A secure SSH public keys directory
A public data object is build from the official sources, compiled from public data.
These data are processed with an open source script and checked against the live read server public keys. Then all the SSH servers informations are stored and the public keys are listed in a SSHd formatted file ready to use format.
This final known_hosts file can be downloaded securely using HTTPS. All others data can be audited publicly.
Why? What's the pain? What's the issue?
The first time you connect with SSH to a remote server, the SSH client asks you to authenticate the server with a cryptic string provided. You usually accept this blindly without any formal check. You don't know the actual fingerprint, you don't have anything to compare to.
And even sometimes you disable the security check to prevent any halt or disturbance during the connection flow. In any way finally, a man in the middle spying is allowed, so SSH is not really helpful.
That's a real issue, see here, someone opened a Stackoverflow issue.
and there, an issue on Github.
Astonishingly, the answer is the user has to "just accept as it is". And that's the basis of the Trust On First Use scheme of SSH.
Because many times, when setup a new Linux/BSD server, we are pulling software using git through SSH, eventually with agent relaying. The SSH client then asks to authenticate the remote server.
With SSH, the server public key requires an out of band transfer.
One alternative solution is to pull the code using HTTPS with an access token, but this token has to be transferred securely in the server, and it must be protected in all servers where it is used.
This project also came from some serious questions :
How do you know the correct key fingerprint when connecting to a public server? Why should we assume the first connection is a clean and good one?
Do you really think that manually checking a fingerprint or a random-art is secure?
For example, ssh-keyscan only shows you the fingerprint of the remote server the client server is seeing, how can you be sure it is right one?
There are some existing techniques to assess the fingerprints, or to securely verify the host key. But there are painful or not reliable.
What if there is a kind of root of trust already setup in your system? And with this trusted system, we could remotely get a list of SSH public services keys?
That's the purpose of SSHTA : leveraging the HTTPS CA store, to securely get the SSH public keys of common servers. Using the certificates store of the package manager is investigated.
No more TOFU : full trust from day one.
More efficient. No more confirmation, no more manual review, no more CICD pipeline halting, SDK hassle-free...
A simple public electronic directory, providing the right public keys for some common SSH services.

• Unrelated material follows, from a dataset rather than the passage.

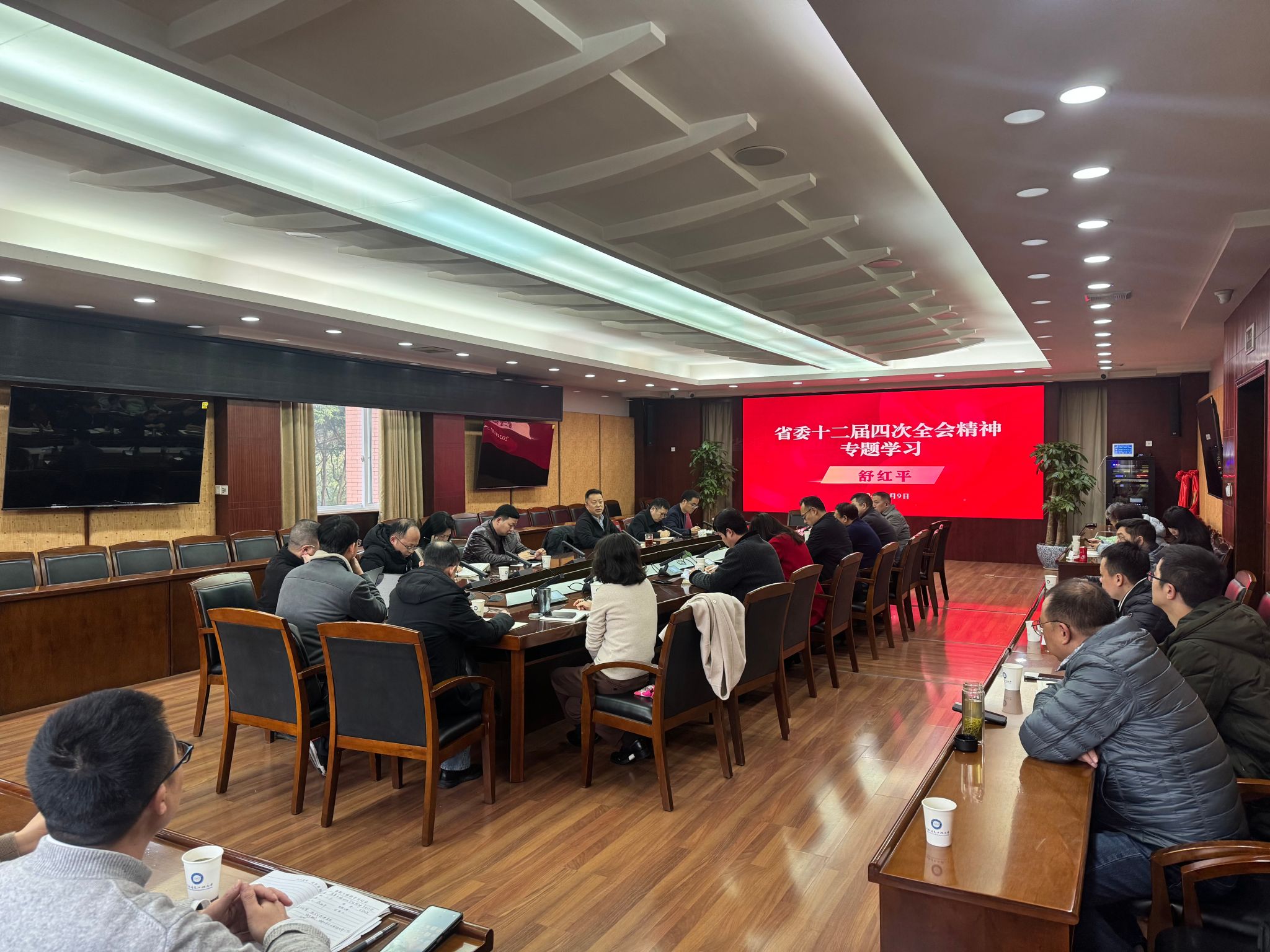 【本网讯】1月9日上午,学校副校长舒红平在第七会议室开展省委十二届四次全会精神专题宣讲。科技处、国内合作处(校友办公室)、云南研究院、信息中心、图书馆、网络空间安全学院、统计学院、区块链产业学院等单位党政领导及党员代表参加。

Run or add in your scripts :
wget https://sshta.conserity.org/known_hosts -nc -P ~/.ssh
We're considering acquiring a short domain name, to have a shorter alias domain.
A bash script is in development, ease the download and append into known hosts.
You always trust someone, like a trusted authority.
Thanks to TLS/PKI (also in the future it could use the package distributions embedded PKI), you can safely get a list of known SSH services public keys.
One can also fetch the public keys or build your own list, then distributing with your own server. It's just we did the hard job for you and secured everything : SSL, DNS, the web server, public key check, formatting output in the right format...
It solves a problem for us, and we think we aren't the only company facing this issue, so we are sharing this. Since it is only about public information, a public directory of public keys, there's barely no difference between making this project private or public. Obviously, we trust our systems, but some other companies might trust the BitLogiK infosec company to use this system.